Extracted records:
· · · ·

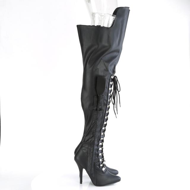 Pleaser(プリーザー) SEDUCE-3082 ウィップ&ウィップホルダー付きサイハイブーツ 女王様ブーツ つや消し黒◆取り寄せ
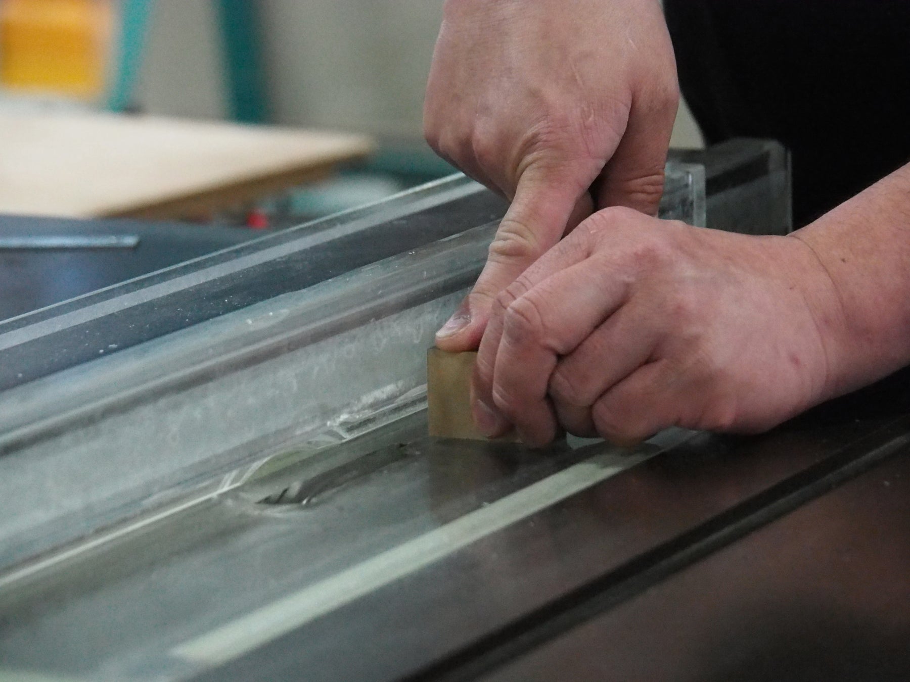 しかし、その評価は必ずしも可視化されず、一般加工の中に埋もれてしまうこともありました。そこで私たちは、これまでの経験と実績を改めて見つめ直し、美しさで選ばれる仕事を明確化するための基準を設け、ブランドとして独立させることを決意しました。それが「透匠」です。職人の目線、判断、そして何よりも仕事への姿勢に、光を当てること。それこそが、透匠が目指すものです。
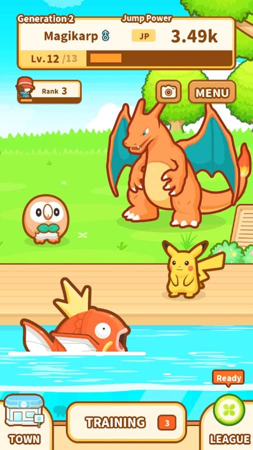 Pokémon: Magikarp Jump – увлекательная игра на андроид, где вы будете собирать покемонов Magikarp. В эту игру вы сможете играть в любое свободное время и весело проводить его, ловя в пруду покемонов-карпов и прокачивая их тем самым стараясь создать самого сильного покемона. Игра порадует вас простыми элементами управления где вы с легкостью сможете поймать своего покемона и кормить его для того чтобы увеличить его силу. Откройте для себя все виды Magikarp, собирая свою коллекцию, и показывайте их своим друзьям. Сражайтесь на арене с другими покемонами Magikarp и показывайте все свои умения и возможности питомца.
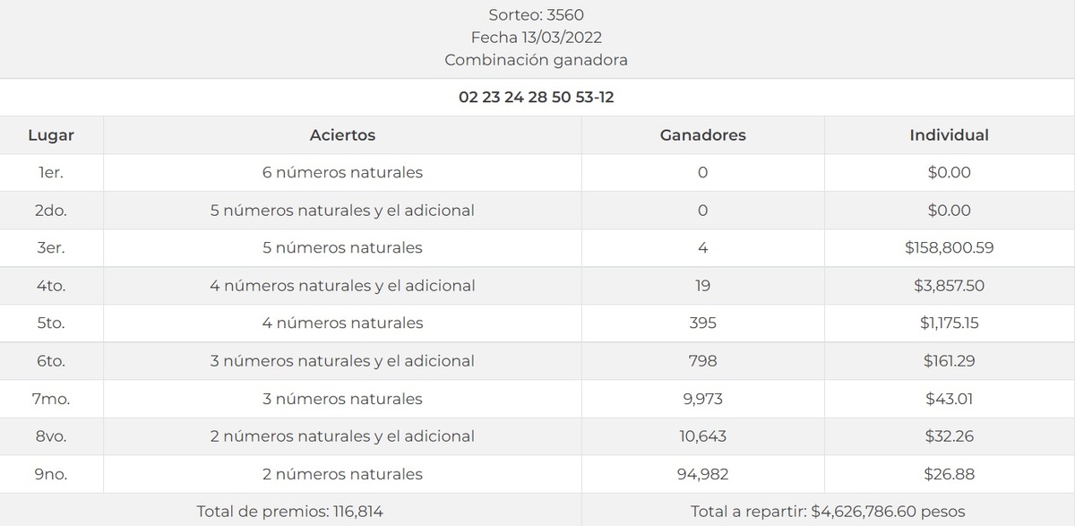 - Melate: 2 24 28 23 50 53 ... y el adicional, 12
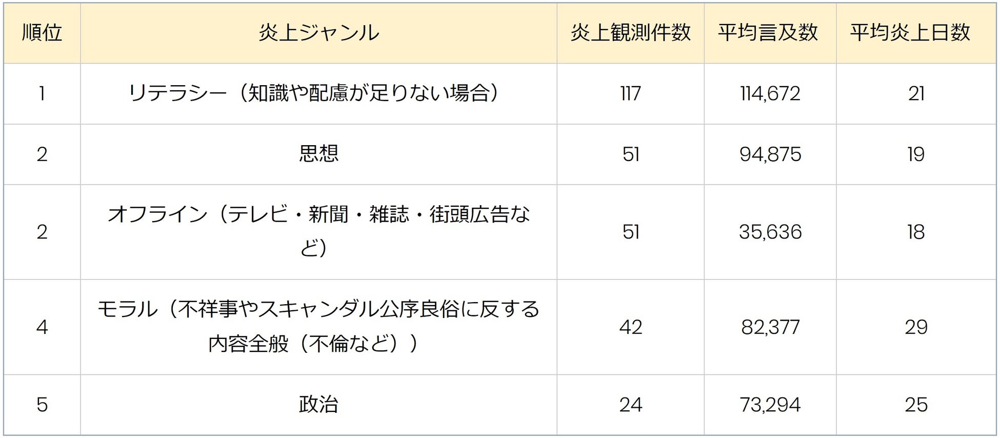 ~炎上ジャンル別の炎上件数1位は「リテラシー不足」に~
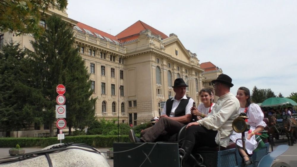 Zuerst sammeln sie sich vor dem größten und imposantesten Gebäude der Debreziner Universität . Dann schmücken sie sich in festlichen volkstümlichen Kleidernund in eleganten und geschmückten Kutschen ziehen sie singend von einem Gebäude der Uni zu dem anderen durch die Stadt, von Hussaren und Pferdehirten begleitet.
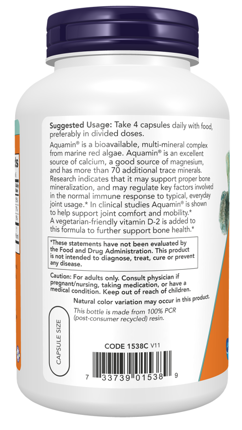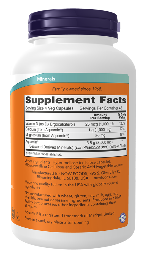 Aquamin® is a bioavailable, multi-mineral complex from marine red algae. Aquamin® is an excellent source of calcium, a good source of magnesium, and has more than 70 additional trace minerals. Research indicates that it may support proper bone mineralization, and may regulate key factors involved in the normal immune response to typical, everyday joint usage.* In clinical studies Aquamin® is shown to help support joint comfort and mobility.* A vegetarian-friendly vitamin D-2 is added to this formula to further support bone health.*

· · · ·

What you need to do:
All that is wanted is each line, word for word, from the first line of the data to the one holding "しかし、その評価は必ずしも可", with the pictures left out.

Solution to the problem:
 Pleaser(プリーザー) SEDUCE-3082 ウィップ&ウィップホルダー付きサイハイブーツ 女王様ブーツ つや消し黒◆取り寄せ
 しかし、その評価は必ずしも可視化されず、一般加工の中に埋もれてしまうこともありました。そこで私たちは、これまでの経験と実績を改めて見つめ直し、美しさで選ばれる仕事を明確化するための基準を設け、ブランドとして独立させることを決意しました。それが「透匠」です。職人の目線、判断、そして何よりも仕事への姿勢に、光を当てること。それこそが、透匠が目指すものです。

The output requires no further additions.